Auf just diesen Titel nimmt aber ein anderer Buchtauscher, Lehrer von Beruf, Bezug. Ihm haben es die Sachbücher angetan. Zum Einschlafen liest er schon mal in den „Grundproblemen der Betriebswirtschaftslehre“ von Hans Raffeé oder eben etwas Geschichtliches über das Dritte Reich. Ganz gerührt greift er nach dem Reiseführer „Süditalien“ von Hans Bausenhardt, denn das Gedruckte bringt Erinnerungen an seine jüngste Reise: „30 Jahre lang habe ich auf Kalabrien gewartet, und jetzt waren wir endlich da!“ Mit dem Buch in der Hand beschreibt er den wunderbaren Blick auf den Stromboli und die Stimmung dort, wo Ionisches und Tyrrhenisches Meer zusammenfließen. „Homer!“ sagt er versonnen und denkt nicht an Simpson, sondern an „Ilias“ und die „Odyssee“. Was er vom Tauschmich-Regal hält? „Eine tolle Sache!“

Nach Annette Edlers Beobachtung wechselt der Buchbestand im Regal etwa einmal pro Woche komplett durch. „Wir hatten am Anfang fünf Bücher, alles andere war leer, binnen einer Woche war das Regal voll.“ Ihr gefällt diese Art von „Kommunikation von Menschen untereinander, die sich persönlich gar nicht kennen“. Aufmerksam auf die Idee des Büchertausches wurde sie durch entsprechend umgebaute Telefonzellen oder auch Verteilerkästen in anderen Städten. Jetzt gibt es auch in Schwabach „dieses unglaublich gut genutzte Angebot“.

Sittenanstößiger Inhalt, leere oder überfrachtete Fächer: Nichts von dem, was hätte schieflaufen können, ist passiert. Das Foyer bewährt sich, so Edler, „als ein Ort, an dem es Bücher und Kultur gibt“. Sie macht auf die Gestaltung mit Regal, Sitzbank und Infobereich aufmerksam, und darauf, dass alle Bücher „frontal präsentiert“ werden, also mit der Titelseite – anstatt dem Buchrücken – nach vorne. Das lässt die Leute zugreifen.
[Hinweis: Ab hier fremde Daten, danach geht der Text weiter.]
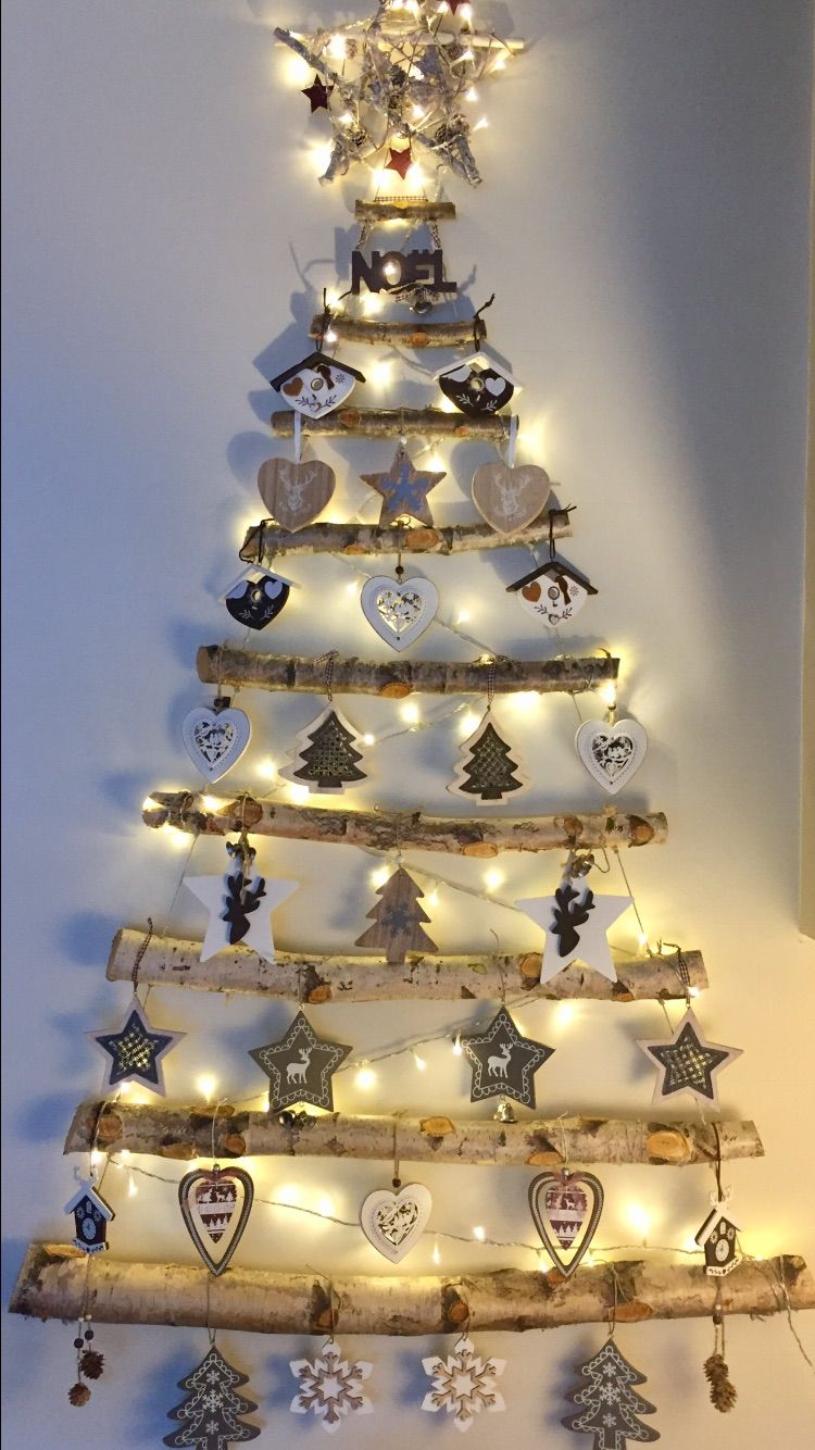 💡 Dica: use galhos de tamanhos diferentes, em formato triangular, fixados na parede com pregos ou fitas adesivas.

Ein junges Paar kommt herein, das seine ganze Kiste voller Bücher trägt, hauptsächlich Rückläufer für die Stadtbibliothek. Doch vier oder fünf Titel wandern flugs ins Regal, ein Krimi zum Beispiel, ohne dass dafür ein Gegenwert an Büchern herausgenommen wird. Daheim in Wendelstein, erzählen die beiden, „stapeln sich die Bücher schon zweireihig“. Ein Buch wegwerfen, das kommt ja nicht infrage. „Aber bei manchen Büchern denkt man sich: Die könnten andere auch einmal lesen …“ Solcher Großzügigkeit ist es zu verdanken, dass die Zahl der Bücher im Schwabacher „Tauschmich“ stets eher etwas größer wird als kleiner.